Tuesday 30 September 2008

robots from the sky

OH SWEET MOTHER OF ALL THAT IS HOLY.

Guess what Cass wants to be for Halloween. Guess. Just guess.
Bumblebee. And not the fluffy little honeybee I originally thought, either.
No, (sigh) my son wants to be him.

And he would dearly love if I could suit him out with one that transforms, too. Y'know. In case I get bored with the challenge.

So now I'm scoping YouTube and DIY and all sorts of sites and getting a handle on this.

I think.

Rosey? My literal-minded, not given to huge flights of fancy baby girl? The one to whom flowers are pink, not blue, and dogs are brown not red?

Wants to be a purple kitty.

Which I can handle.

I think.

With wine.

sex and drugs and rock and roll (okay, not really)

How do you start The Talk?

Before Cass was born, B and I hashed it out. There were fair divisions of things. There were discussions....about discussions. There were ideas, and waving of hands.

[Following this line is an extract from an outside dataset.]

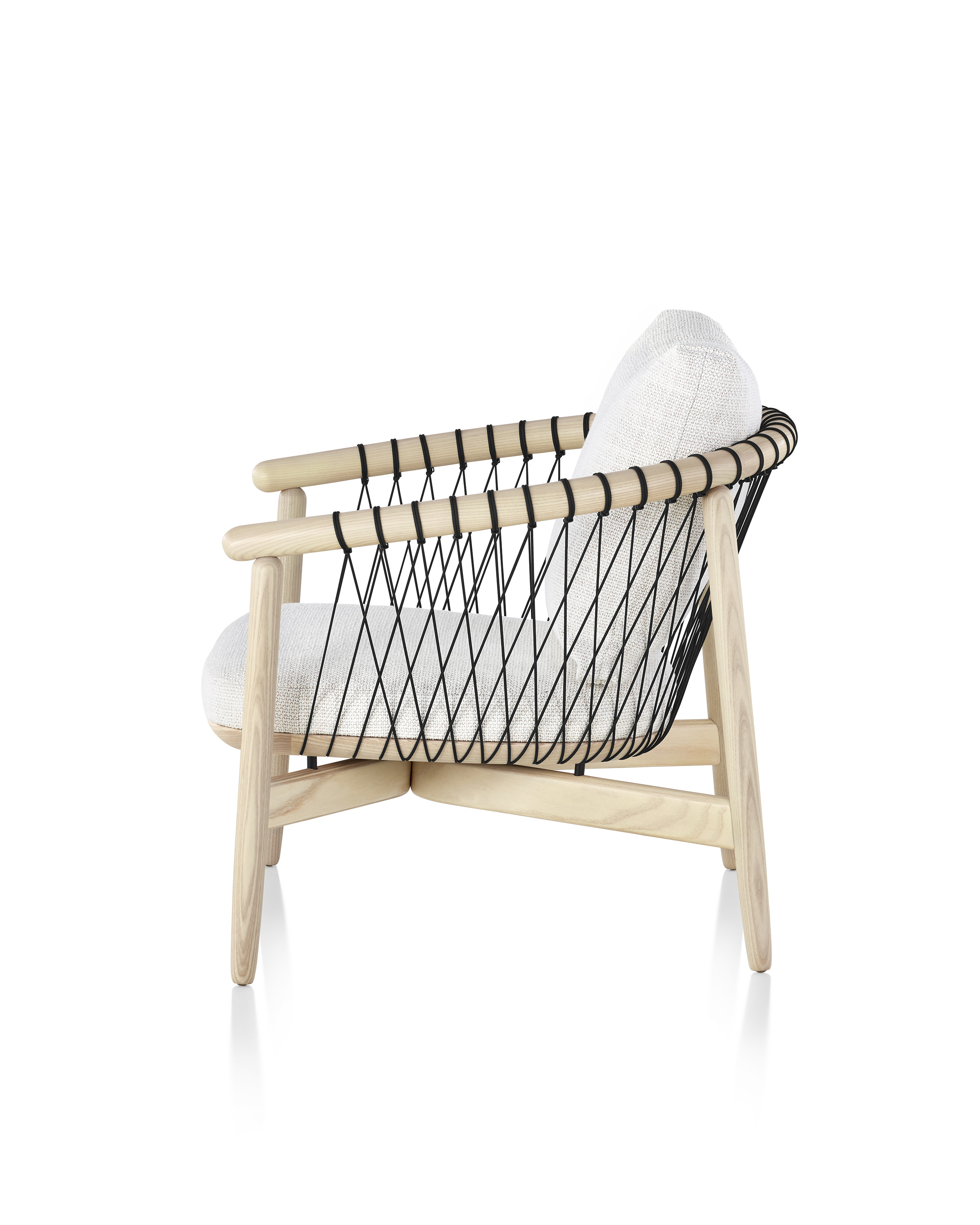 降落伞绳索,一种常见的工业产品,是其设计的一个组成部分。被拉下后,这些电线形成了一个内部张力系统,并提供必要的背部支撑,创造了一种被封闭在一个舒适的、保护性的鸟巢中的感觉。由于其简单、经典的外形,十字形座椅可以在各种环境下工作,从行政办公室或接待区到曼哈顿的顶层公寓或郊区客厅。

B will do the no drugs/smoking stuff.

I get the NO SEX (ever, hee) talk.

And now he's damn'near seven and noticing girls* (KILL ME NOW) and...

and I have no idea how to start.

I really think he's going to need the no smoking/drugs talk earlier than he'll need the sex thang (not because anyone's pushing heroin among the first-graders, but because I just think it's better to learn not to put things in your body before he knows...not to put anything in someone's body?? I'm so confused.) but B doesn't seem really pro-active about that, so...I bring it to you.

Websites? Books? Magazines?



*There are three (three!) in his class that he thinks are 'so pretty, Mommy, pretty'.

Monday 29 September 2008

coming clear

Kyle came, and went, and except for a few branches down off the old oak tree and the tarp blowing off the woodpile, we were fine. The rain and the wind bothered Rosey, who refused to sleep in her own bed and cuddled in close. Soon there were four in the bed, and when the power went out around eleven, everyone gasped and huddled together.

Today the wind blew clean and chill and fall-ish - like the storm swept all traces of summer away and now we're ready for sweaters and hot drinks, romping in fallen leaves and the beginnings of can it really be? Halloween.

C (so far) wants to be Superman. As long as it isn't some incredibly time-consuming thing that I end up making, whatever's okay. (FOR THE LOVE OF GOD, no one mention Transformers.)
Rosey hasn't made up her mind - it's either a Pony (as in My Little) or Barbie. Both ideas make my right eyelid twitch and make me think I'm going to get an old white sheet and a pair of scissors and R will be going as a ghost.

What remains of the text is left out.